DATA TO PROCESS:
_ _ _ _ _ _ _

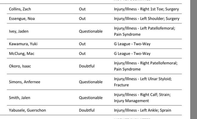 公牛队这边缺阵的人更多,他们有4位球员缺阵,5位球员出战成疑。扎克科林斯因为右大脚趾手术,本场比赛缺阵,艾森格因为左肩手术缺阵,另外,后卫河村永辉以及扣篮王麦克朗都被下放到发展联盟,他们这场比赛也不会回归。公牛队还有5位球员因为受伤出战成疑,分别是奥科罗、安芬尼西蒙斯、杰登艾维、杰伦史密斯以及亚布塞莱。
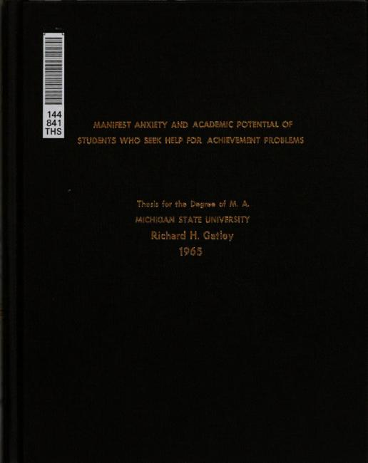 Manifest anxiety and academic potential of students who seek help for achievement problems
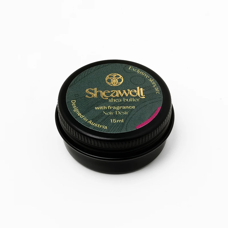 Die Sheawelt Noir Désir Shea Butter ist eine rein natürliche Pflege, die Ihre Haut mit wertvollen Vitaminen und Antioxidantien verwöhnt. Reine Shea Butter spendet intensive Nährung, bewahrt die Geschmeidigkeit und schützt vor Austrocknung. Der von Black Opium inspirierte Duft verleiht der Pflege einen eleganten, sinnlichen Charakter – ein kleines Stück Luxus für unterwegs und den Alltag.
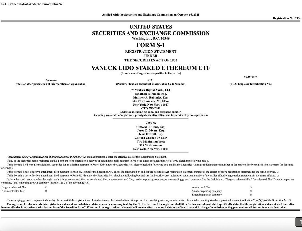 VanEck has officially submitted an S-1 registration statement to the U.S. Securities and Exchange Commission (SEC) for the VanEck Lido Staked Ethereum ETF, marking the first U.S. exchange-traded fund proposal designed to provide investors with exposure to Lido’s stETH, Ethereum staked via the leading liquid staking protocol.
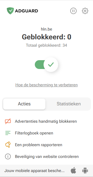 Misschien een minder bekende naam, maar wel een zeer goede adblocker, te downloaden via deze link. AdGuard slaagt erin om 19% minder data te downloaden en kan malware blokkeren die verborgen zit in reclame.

_ _ _ _ _ _ _

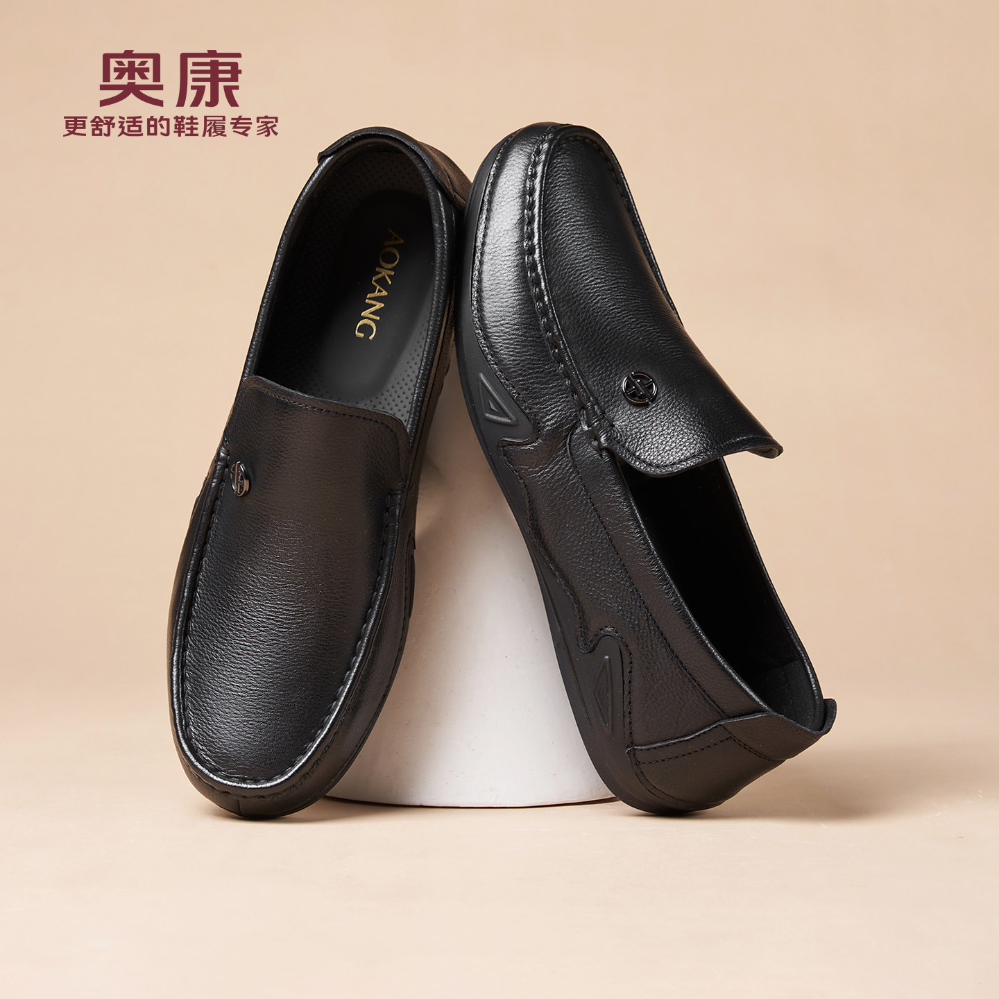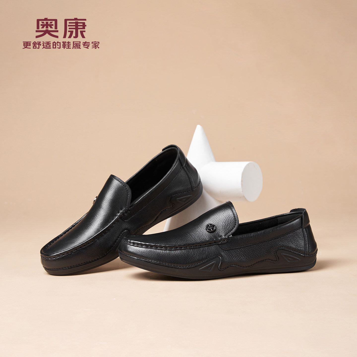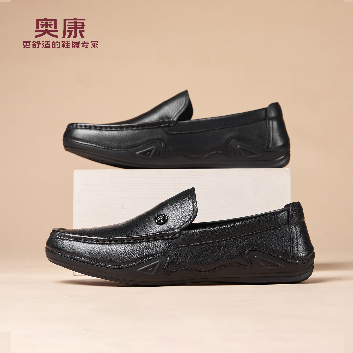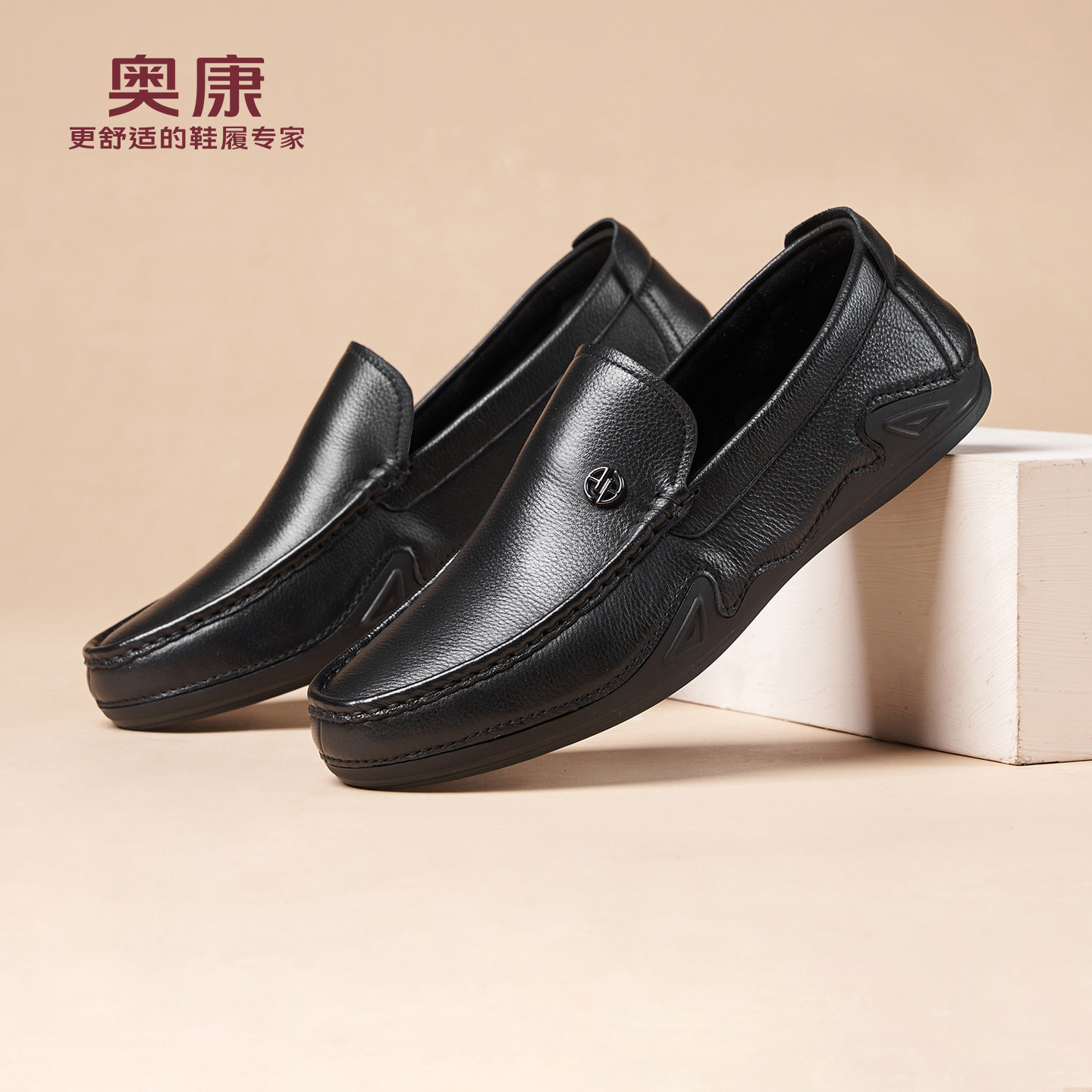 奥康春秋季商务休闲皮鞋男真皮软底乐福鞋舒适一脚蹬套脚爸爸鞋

_ _ _ _ _ _ _

WHAT YOU HAVE TO DO:
Leave out the images and write out the lines above exactly, from the one with "Die Sheawelt Noir" up to and including the one with "Misschien een minder".

SOLVED PROBLEM:
 Die Sheawelt Noir Désir Shea Butter ist eine rein natürliche Pflege, die Ihre Haut mit wertvollen Vitaminen und Antioxidantien verwöhnt. Reine Shea Butter spendet intensive Nährung, bewahrt die Geschmeidigkeit und schützt vor Austrocknung. Der von Black Opium inspirierte Duft verleiht der Pflege einen eleganten, sinnlichen Charakter – ein kleines Stück Luxus für unterwegs und den Alltag.
 VanEck has officially submitted an S-1 registration statement to the U.S. Securities and Exchange Commission (SEC) for the VanEck Lido Staked Ethereum ETF, marking the first U.S. exchange-traded fund proposal designed to provide investors with exposure to Lido’s stETH, Ethereum staked via the leading liquid staking protocol.
 Misschien een minder bekende naam, maar wel een zeer goede adblocker, te downloaden via deze link. AdGuard slaagt erin om 19% minder data te downloaden en kan malware blokkeren die verborgen zit in reclame.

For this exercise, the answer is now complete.